Moving 5-Years Of Files Into Year-Based Folders In Adobe ColdFusion 2021
As I mentioned before, I've been putting time into modernizing my ColdFusion blogging infrastructure. And, as part of that gesture, I wanted to clean-up some of my file-uploads. Today, when I upload a file for use in a blog post, I upload it into a year-based folder. However, I only started doing that in 2012. Which means, for the first 5 years, I was uploading all files into one root folder. Junky monkey! This morning, I finally got around to moving those early files into yearly buckets; and, more importantly, updating all the blog content in my database to reflect the new paths. Since writing ColdFusion is hella fun, I thought I would share the approach.
At first, when I started to write the migration code, I was going to try and use MySQL's RLIKE
operator for Regular Expression pattern matching. This way, I could try and find paths that excluded certain sub-folders. But, the code started to become too complicated. And, I decided to end up brute-forcing it.

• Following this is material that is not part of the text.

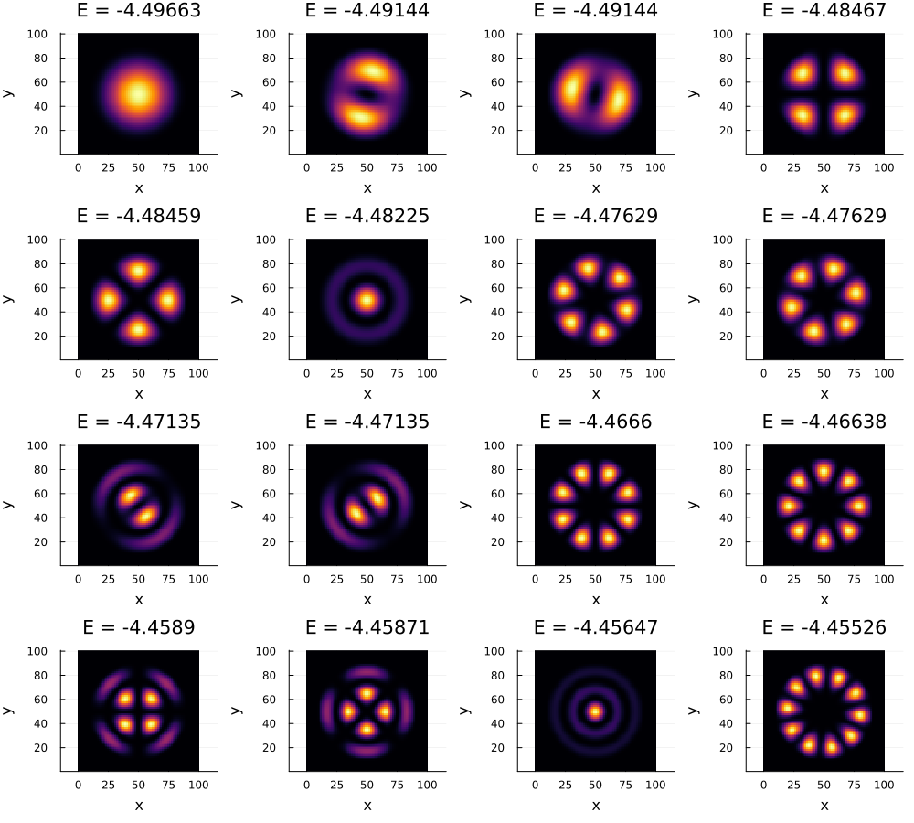 eig = diagonalize(H, :krylovkit, n=16) # Compute only 9 eigenvalues with smallest real part

Instead of trying to optimize the amount of data I pulled back from the database, I just pulled back any record that had an upload path; and then performed some additional checks / validation in the ColdFusion code.

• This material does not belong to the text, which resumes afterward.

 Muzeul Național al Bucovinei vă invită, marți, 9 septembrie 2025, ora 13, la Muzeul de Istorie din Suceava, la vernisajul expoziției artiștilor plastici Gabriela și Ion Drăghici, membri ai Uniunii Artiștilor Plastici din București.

The plan was relatively simple:
- Back-up database table before touching it!!!!
- Pull back any post with
/resources/upload/
in the content. - For each post:
- Extract all the
src
andhref
attributes that point to an upload. - Skip over any path that is already in a year-based folder.
- Copy the file to a year-based folder.
- Update the entry record for the new path.

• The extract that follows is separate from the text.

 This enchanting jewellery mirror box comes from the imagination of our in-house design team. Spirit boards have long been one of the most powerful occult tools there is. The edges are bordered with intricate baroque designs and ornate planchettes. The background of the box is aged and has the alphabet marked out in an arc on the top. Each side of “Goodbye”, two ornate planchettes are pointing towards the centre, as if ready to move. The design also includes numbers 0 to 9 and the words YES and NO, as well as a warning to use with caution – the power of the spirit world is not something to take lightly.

- Move the original file to a back-up location for manual review (and eventual deletion).
- Extract all the
Note that I am not strictly deleting anything; instead, I am moving the original file to a backup location just in case. Deleting stuff is scary!!
In the end, here's the code I came up with:
<cfscript>
cfsetting( requestTimeout = ( 60 * 10 ) );
nextID = 0;
// We're going to iterate over the blog entries, one by one, looking for content that
// contains embedded upload paths. Then, we're going to move those files into year-
// based buckets and update the entry content with the new path.
do {
entry = getNextEntry( nextID );
// If there are no more entries, we're done - short-circuit the loop iteration,
// which will then exit on account of the while-condition.
if ( ! entry.recordCount ) {
continue;
}
// It's possible that the upload path is part of either an IMG SRC attribute or
// an ANCHOR HREF attribute. Extract the possible matches. I'm not sure if early
// paths were fully-qualified, so we're making the domain optional.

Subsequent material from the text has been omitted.